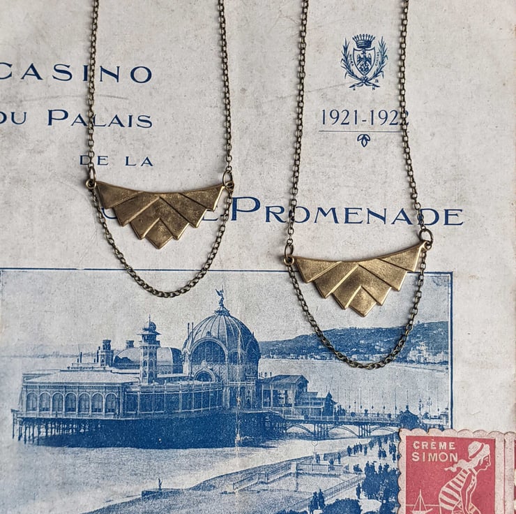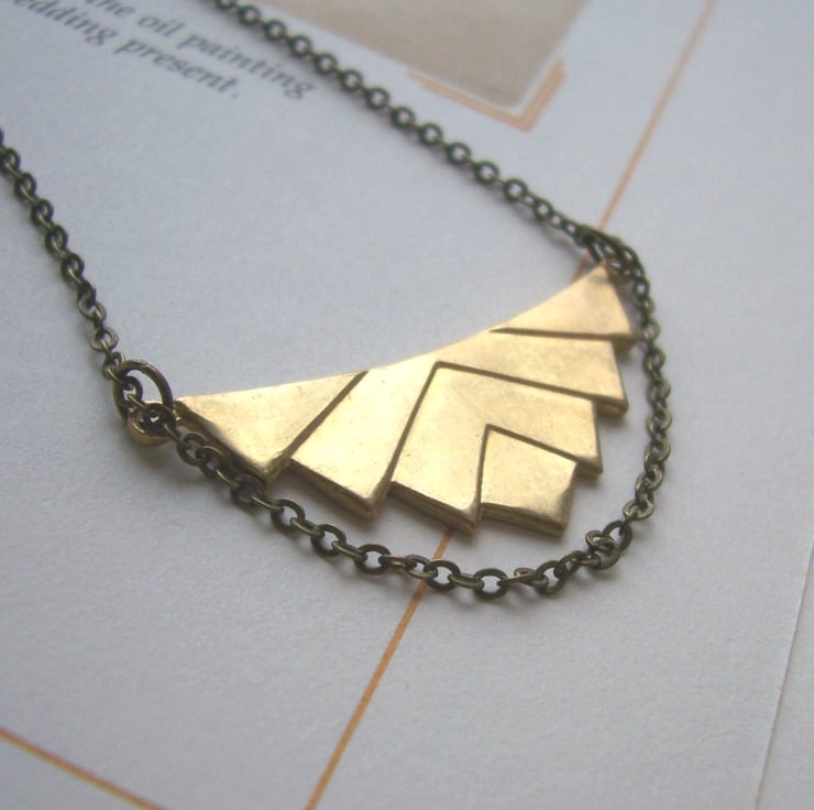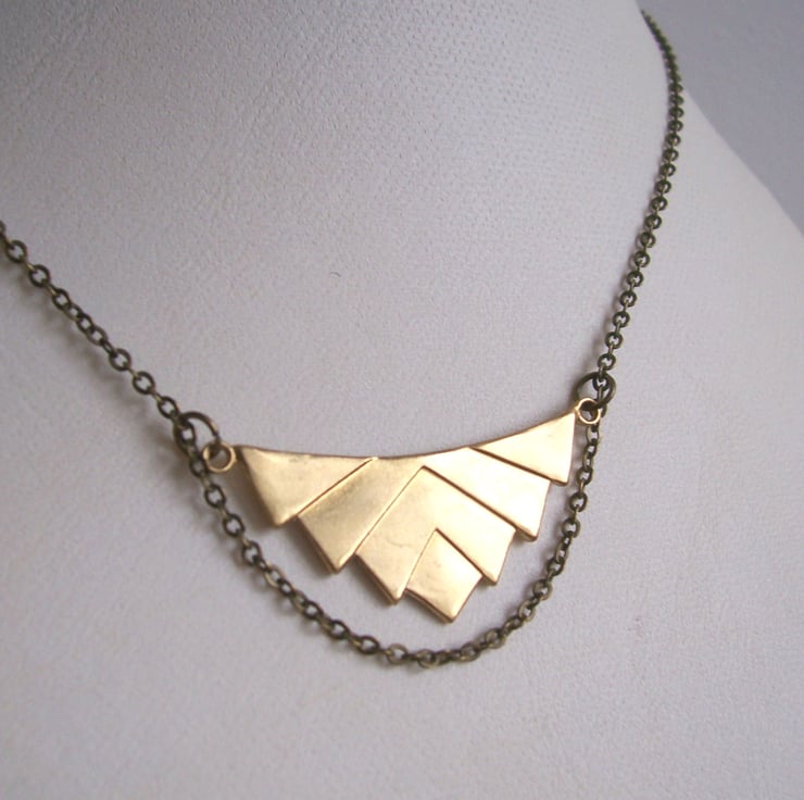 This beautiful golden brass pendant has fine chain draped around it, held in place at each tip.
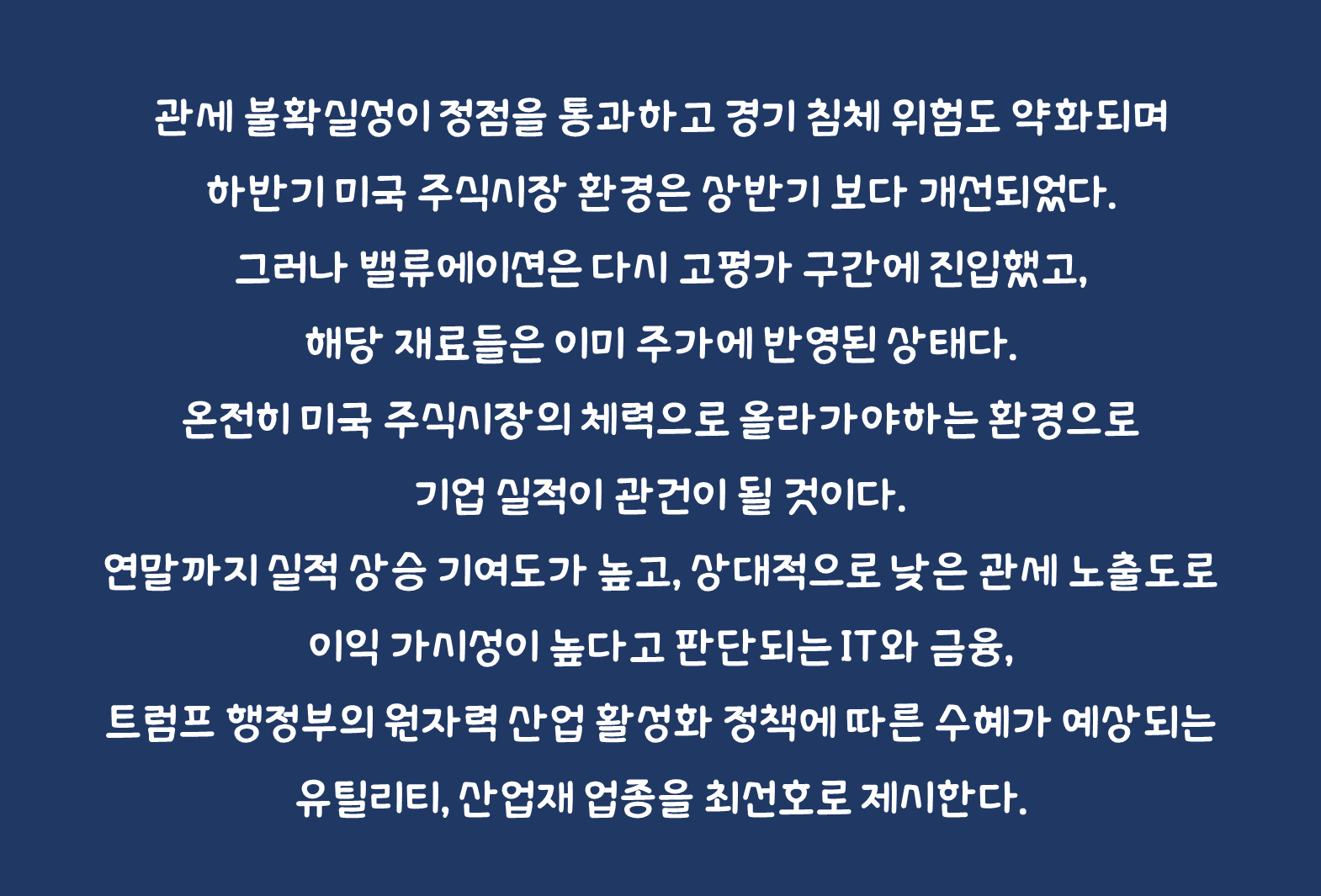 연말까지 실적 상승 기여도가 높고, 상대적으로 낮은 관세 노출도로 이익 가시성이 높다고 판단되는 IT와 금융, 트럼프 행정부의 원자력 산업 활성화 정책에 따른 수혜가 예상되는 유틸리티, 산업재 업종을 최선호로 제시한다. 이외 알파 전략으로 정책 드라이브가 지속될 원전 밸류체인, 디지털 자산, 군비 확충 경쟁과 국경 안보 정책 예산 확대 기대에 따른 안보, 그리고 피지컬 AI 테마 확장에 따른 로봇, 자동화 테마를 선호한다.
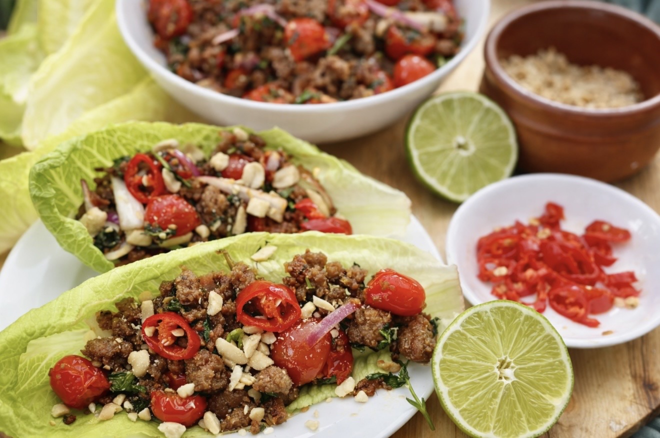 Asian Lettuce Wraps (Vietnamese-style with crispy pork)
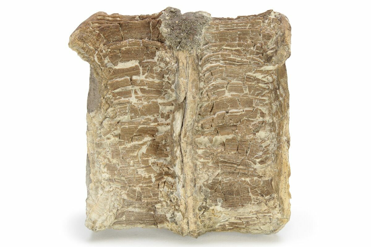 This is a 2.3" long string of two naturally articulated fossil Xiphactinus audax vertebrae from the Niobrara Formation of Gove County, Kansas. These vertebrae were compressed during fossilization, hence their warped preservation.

+ + + + + + +

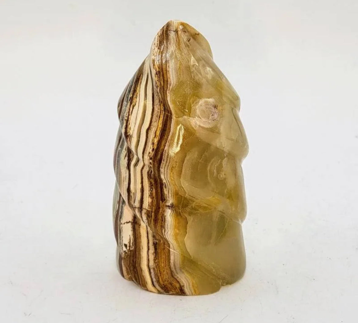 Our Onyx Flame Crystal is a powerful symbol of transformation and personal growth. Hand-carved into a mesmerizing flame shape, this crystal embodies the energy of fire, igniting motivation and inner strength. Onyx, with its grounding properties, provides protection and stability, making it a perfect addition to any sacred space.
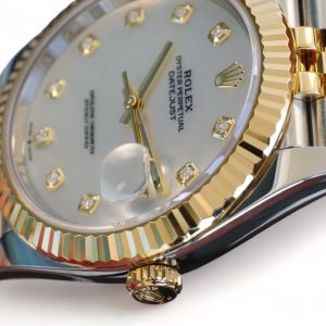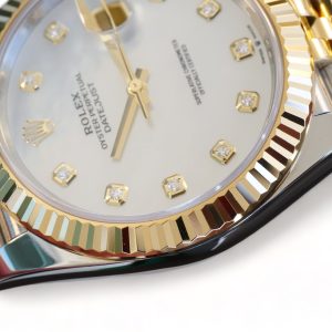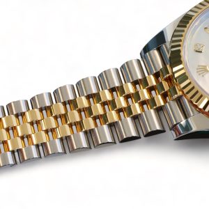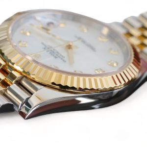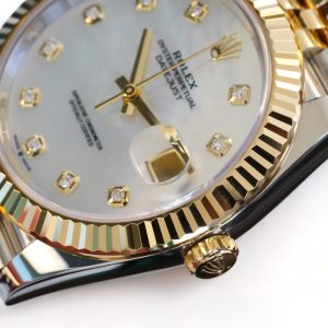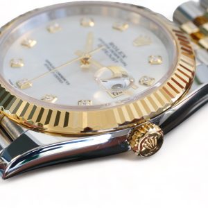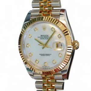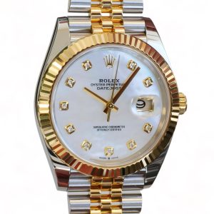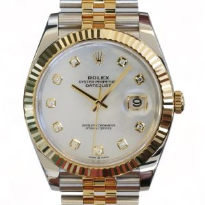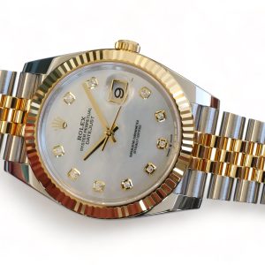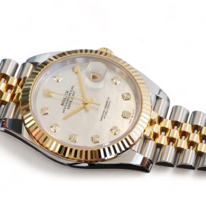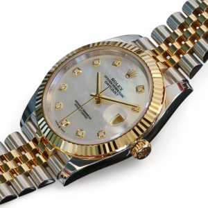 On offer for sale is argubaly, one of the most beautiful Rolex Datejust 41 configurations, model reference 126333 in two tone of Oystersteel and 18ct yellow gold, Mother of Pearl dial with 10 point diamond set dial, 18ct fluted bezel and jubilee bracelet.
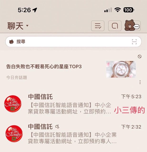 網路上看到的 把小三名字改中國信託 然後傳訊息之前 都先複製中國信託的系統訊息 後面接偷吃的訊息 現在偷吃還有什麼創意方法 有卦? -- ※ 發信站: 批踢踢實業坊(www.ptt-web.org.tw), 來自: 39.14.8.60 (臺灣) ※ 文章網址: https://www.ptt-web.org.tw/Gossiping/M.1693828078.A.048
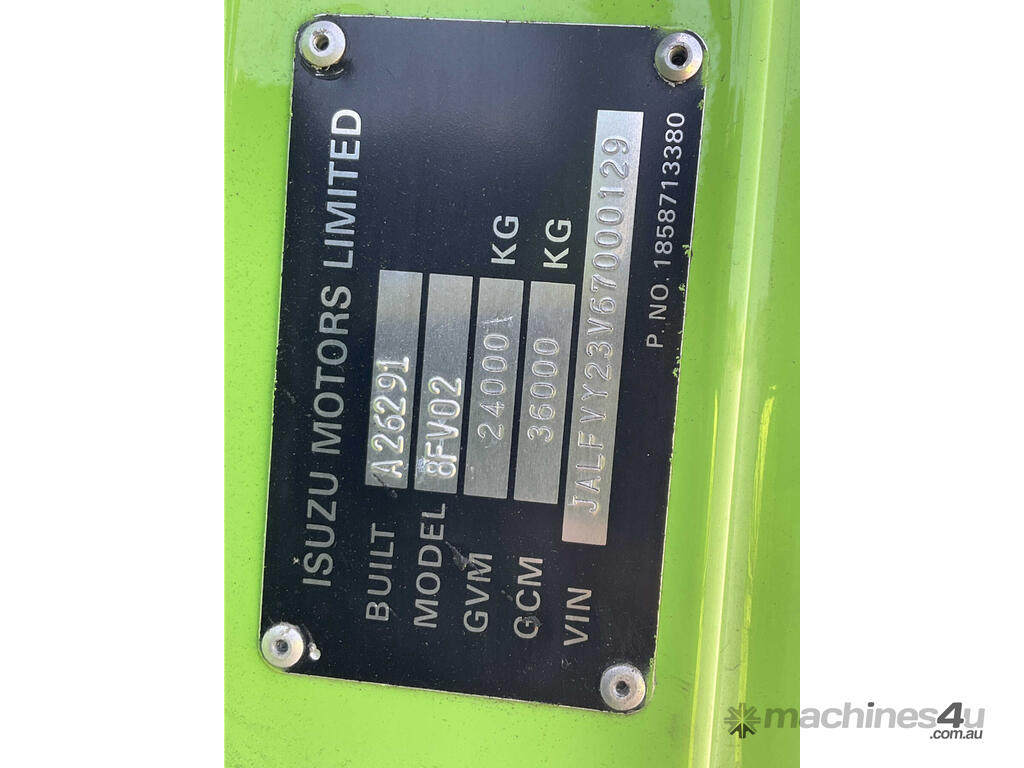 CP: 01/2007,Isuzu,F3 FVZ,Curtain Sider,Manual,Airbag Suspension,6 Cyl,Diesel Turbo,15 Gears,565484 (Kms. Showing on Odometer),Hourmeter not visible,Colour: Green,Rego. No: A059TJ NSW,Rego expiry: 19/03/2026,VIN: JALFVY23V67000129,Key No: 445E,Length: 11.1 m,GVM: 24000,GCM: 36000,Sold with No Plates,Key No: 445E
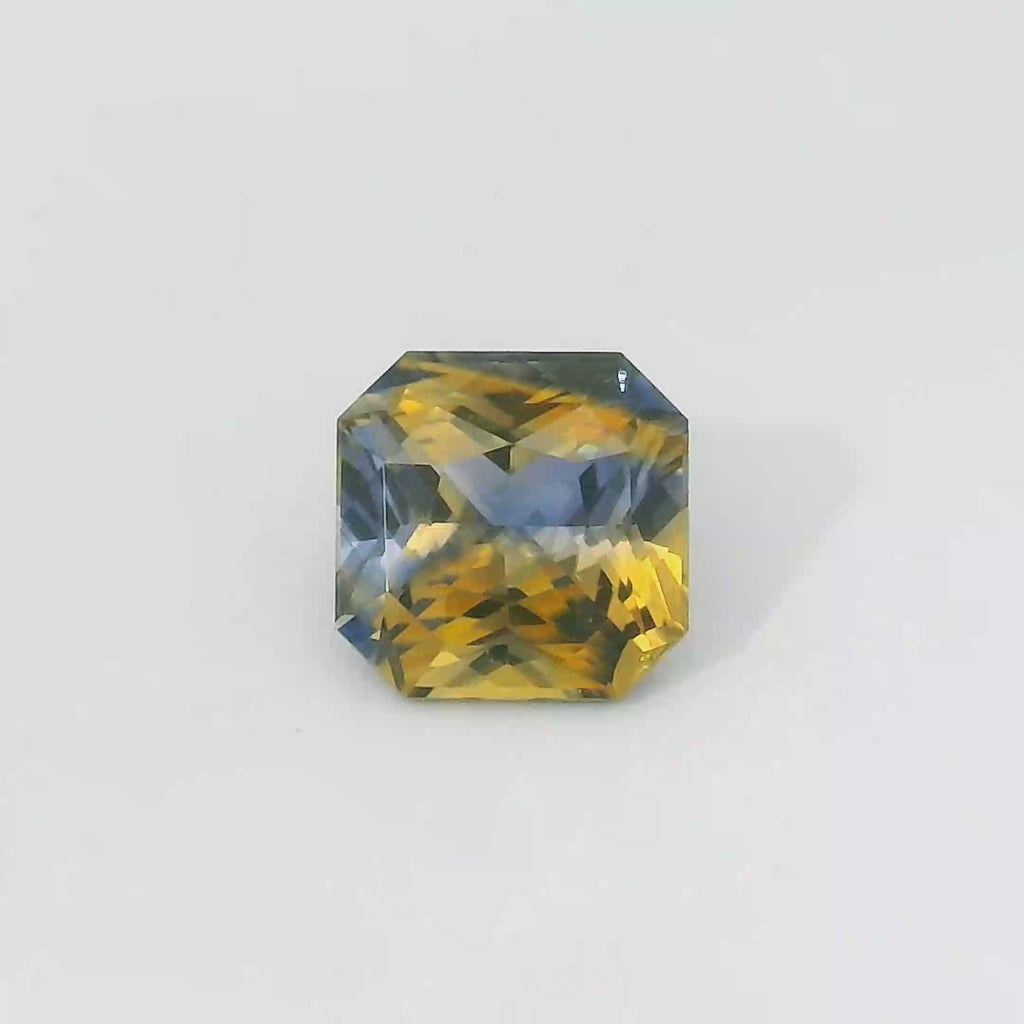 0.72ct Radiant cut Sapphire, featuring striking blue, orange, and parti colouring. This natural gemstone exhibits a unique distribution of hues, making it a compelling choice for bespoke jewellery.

+ + + + + + +

### [Exercise]
From the line with "Our Onyx Flame" up to and including the line with "0.72ct Radiant cut" above, retype every line exactly and nothing more; leave out the pictures.

### [Expected answer]
 Our Onyx Flame Crystal is a powerful symbol of transformation and personal growth. Hand-carved into a mesmerizing flame shape, this crystal embodies the energy of fire, igniting motivation and inner strength. Onyx, with its grounding properties, provides protection and stability, making it a perfect addition to any sacred space.
 On offer for sale is argubaly, one of the most beautiful Rolex Datejust 41 configurations, model reference 126333 in two tone of Oystersteel and 18ct yellow gold, Mother of Pearl dial with 10 point diamond set dial, 18ct fluted bezel and jubilee bracelet.
 網路上看到的 把小三名字改中國信託 然後傳訊息之前 都先複製中國信託的系統訊息 後面接偷吃的訊息 現在偷吃還有什麼創意方法 有卦? -- ※ 發信站: 批踢踢實業坊(www.ptt-web.org.tw), 來自: 39.14.8.60 (臺灣) ※ 文章網址: https://www.ptt-web.org.tw/Gossiping/M.1693828078.A.048
 CP: 01/2007,Isuzu,F3 FVZ,Curtain Sider,Manual,Airbag Suspension,6 Cyl,Diesel Turbo,15 Gears,565484 (Kms. Showing on Odometer),Hourmeter not visible,Colour: Green,Rego. No: A059TJ NSW,Rego expiry: 19/03/2026,VIN: JALFVY23V67000129,Key No: 445E,Length: 11.1 m,GVM: 24000,GCM: 36000,Sold with No Plates,Key No: 445E
 0.72ct Radiant cut Sapphire, featuring striking blue, orange, and parti colouring. This natural gemstone exhibits a unique distribution of hues, making it a compelling choice for bespoke jewellery.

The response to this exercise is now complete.